◆ INFORMATION SUPPLIED
● ● ● ●
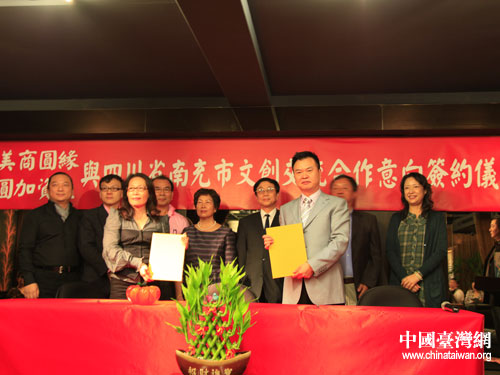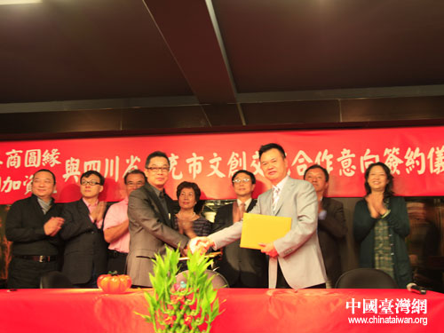 南充市文化創(chuàng)意訪問團(tuán)與臺(tái)灣“圓加資產(chǎn)有限公司”公司簽約儀式。圖片來(lái)源:南充市臺(tái)辦
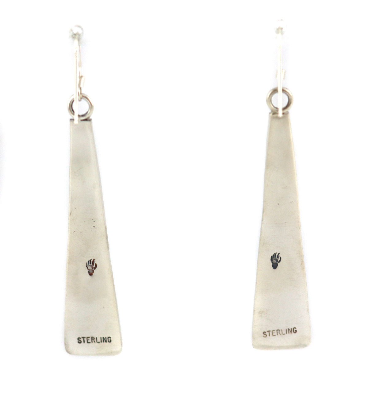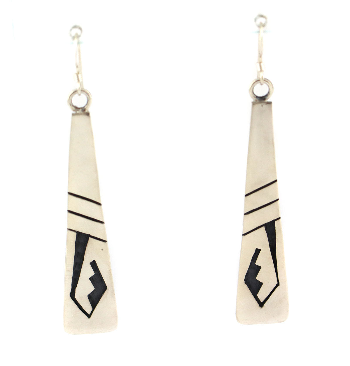 Elmer Satala, Jr. - Hopi - Contemporary Sterling Silver Overlay French Hook Earrings, 2.75" x 0.5"
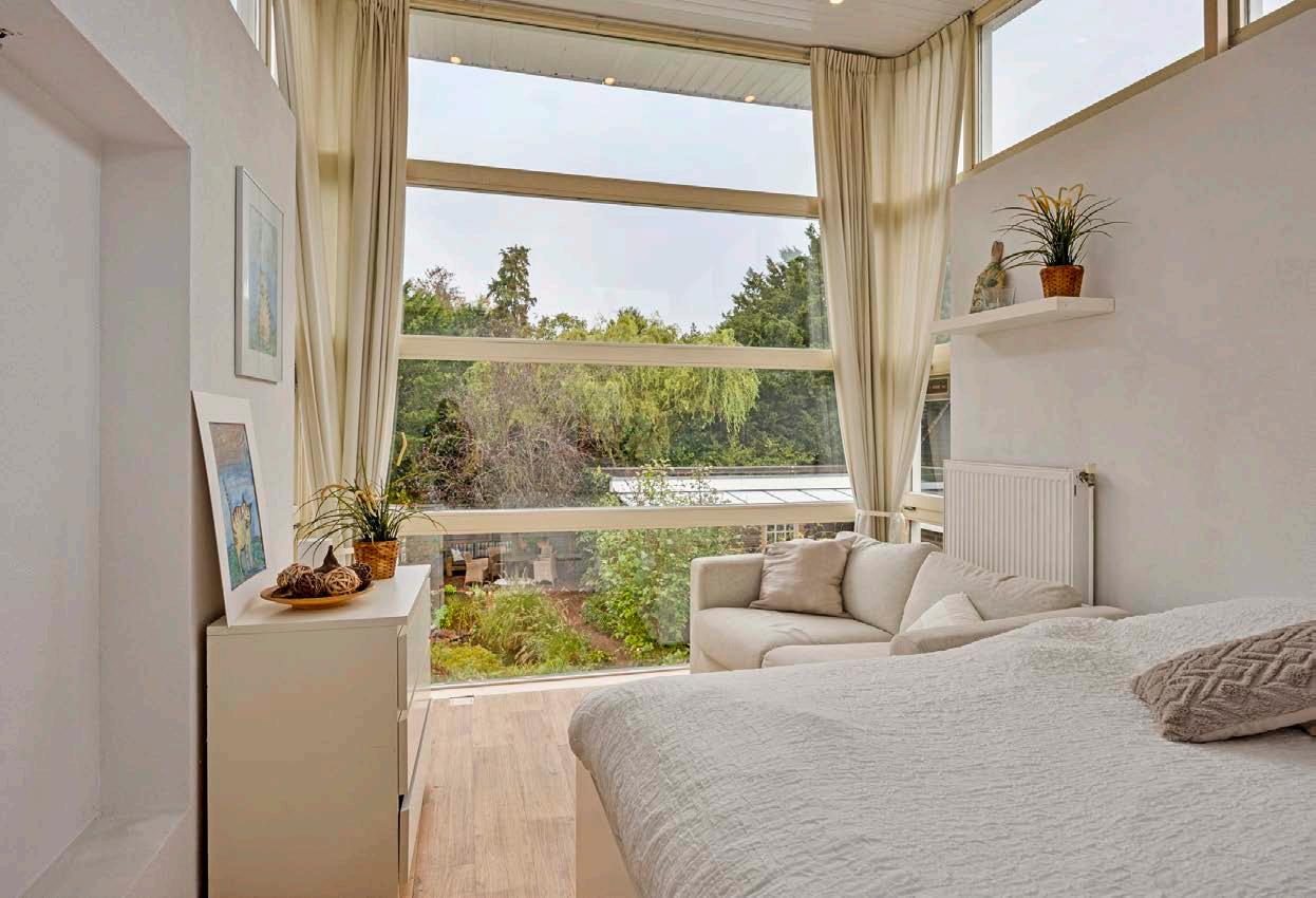 De slaapkamers zijn ontworpen met comfort in gedachten. Een van de slaapkamers bevindt zich in de uitbouw en heeft een indrukwekkende raampartij die een prachtig uitzicht op de tuin biedt. De andere twee slaapkamers zijn eveneens ruim en licht, ideaal voor een gezin of voor het inrichten van een thuiswerkplek. Alle kamers zijn voorzien van voldoende kastruimte, wat bijdraagt aan een georganiseerde en opgeruimde leefomgeving.
● ● ● ●
◆ TASK OBJECTIVE
Give every line of the data above again as it stands; the pictures stay out.

◆ REPLY
 南充市文化創(chuàng)意訪問團(tuán)與臺(tái)灣“圓加資產(chǎn)有限公司”公司簽約儀式。圖片來(lái)源:南充市臺(tái)辦
 Elmer Satala, Jr. - Hopi - Contemporary Sterling Silver Overlay French Hook Earrings, 2.75" x 0.5"
 De slaapkamers zijn ontworpen met comfort in gedachten. Een van de slaapkamers bevindt zich in de uitbouw en heeft een indrukwekkende raampartij die een prachtig uitzicht op de tuin biedt. De andere twee slaapkamers zijn eveneens ruim en licht, ideaal voor een gezin of voor het inrichten van een thuiswerkplek. Alle kamers zijn voorzien van voldoende kastruimte, wat bijdraagt aan een georganiseerde en opgeruimde leefomgeving.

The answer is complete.